Clickhouse Training 101 by Altinity⏱ Estimated read time – 5 min
Just recently I have completed a Clickhouse Training by Altinity (101 Series Training). For those who are just getting to know Clickhouse, Altinity offers free basic training: Data Warehouse Basics. I recommend starting with it if you are planning to dive into learning.
I would like to share my experience on the training as well as the training notes.
The training costs $500 and lasts 4 days for 2 hours. It is carried out in the evenings Moscow time (starting from 19:00 GMT +3).
Session # 1.
The first day mostly revises everything covered in Data Warehouse Basics, but it has several new ideas on how to get useful information on queries from system tables.
For example, this query will show which commands are running and their status.
SELECT command, is_done FROM system.mutations WHERE table = 'ontime'
Besides, for me it was useful to learn about column compression with the use of codecs:
ALTER TABLE ontime MODIFY COLUMN TailNum LowCardinality(String) CODEC(ZSTD(1))
For those who are just starting with Clickhouse, the first day will be super useful as it will help in understanding table engines and syntax for their creation, partitions, inserting data (for example directly from S3).
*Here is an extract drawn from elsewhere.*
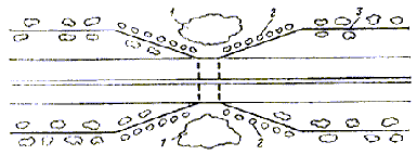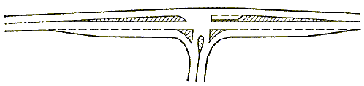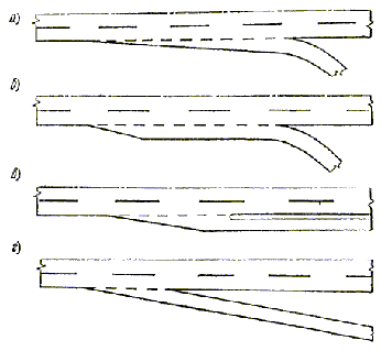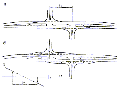 в) уширением проезжей части для разделения потока автомобилей по составу (дополнительные полосы на подъемах, на пересечениях, полосы для местного движения, для автобусов) и обеспечения оптимальной загрузки, при которой движение происходит с достаточно высокими скоростями;

INSERT INTO sdata SELECT * FROM s3( 'https://s3.us-east-1.amazonaws.com/d1-altinity/data/sdata*.csv.gz', 'aws_access_key_id', 'aws_secret_access_key', 'Parquet', 'DevId Int32, Type String, MDate Date, MDatetime DateTime, Value Float64')
Session # 2.
I found the second day the most intense and useful as within this session Robert from Altinity talks about aggregate functions and materialized views ( detailed scheme for the creation of materialized views ) in Clickhouse in more detail.
It was super useful for me to learn about index types in Clickhouse.
Session # 3.
During the third day, colleagues share their knowledge on how to work with Kafka and JSON objects stored in the tables.
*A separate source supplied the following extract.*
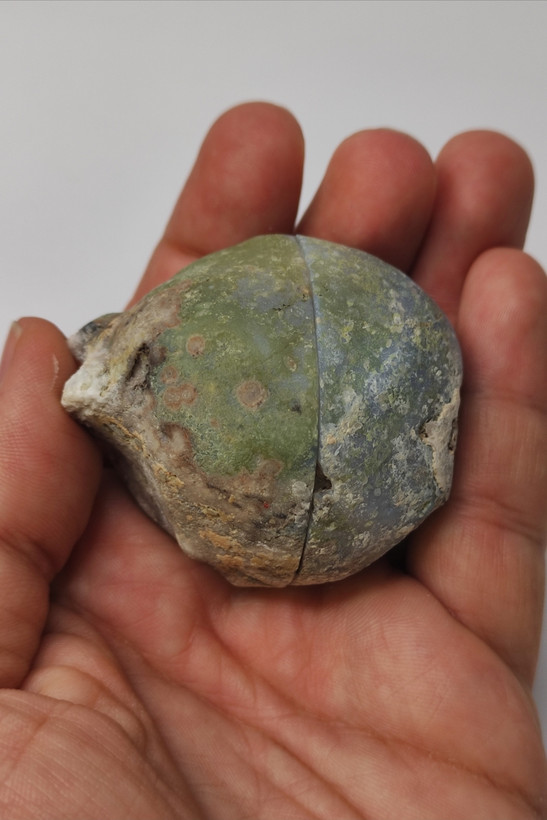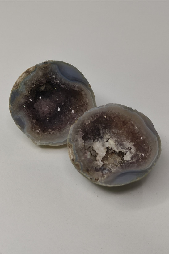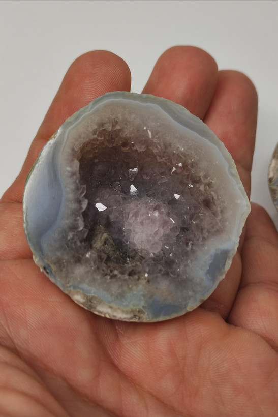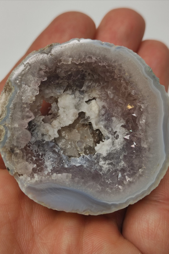 سنگ توپی ژئود آمیتیست طبیعی با همرشدی بلورهای کلسیت و حاشیه عقیق سلیمانی برش خورده و پولیش شده بسیار زیبا با تشکر گالری تیرازیس

It was interesting to find out that working with arrays in Clickhouse is very similar to arrays in Python:
WITH [1, 2, 4] AS array SELECT array AS First, array AS Second, array AS Third, array[-1] AS Last, length(array) AS Length
When working with arrays, there is a great feature called ARRAY JOIN which “unrolls” arrays to rows.
Clickhouse allows you to efficiently interact with JSON objects stored in a table:
-- Get a JSON string value SELECT JSONExtractString(row, 'request') AS request FROM log_row LIMIT 3 -- Get a JSON numeric value SELECT JSONExtractInt(row, 'status') AS status FROM log_row LIMIT 3
This piece of code is an example of how to extract the elements of the JSON array “request” and “status” separately.
ALTER TABLE log_row ADD COLUMN status Int16 DEFAULT JSONExtractInt(row, 'status') ALTER TABLE log_row UPDATE status = status WHERE 1 = 1
Session # 4.
The most difficult topic from my point of view was saved for the last day – building sharding and replication patterns and building queries on distributed Clickhouse servers.
Special respect to Altinity for an excellent collection of labs during the training.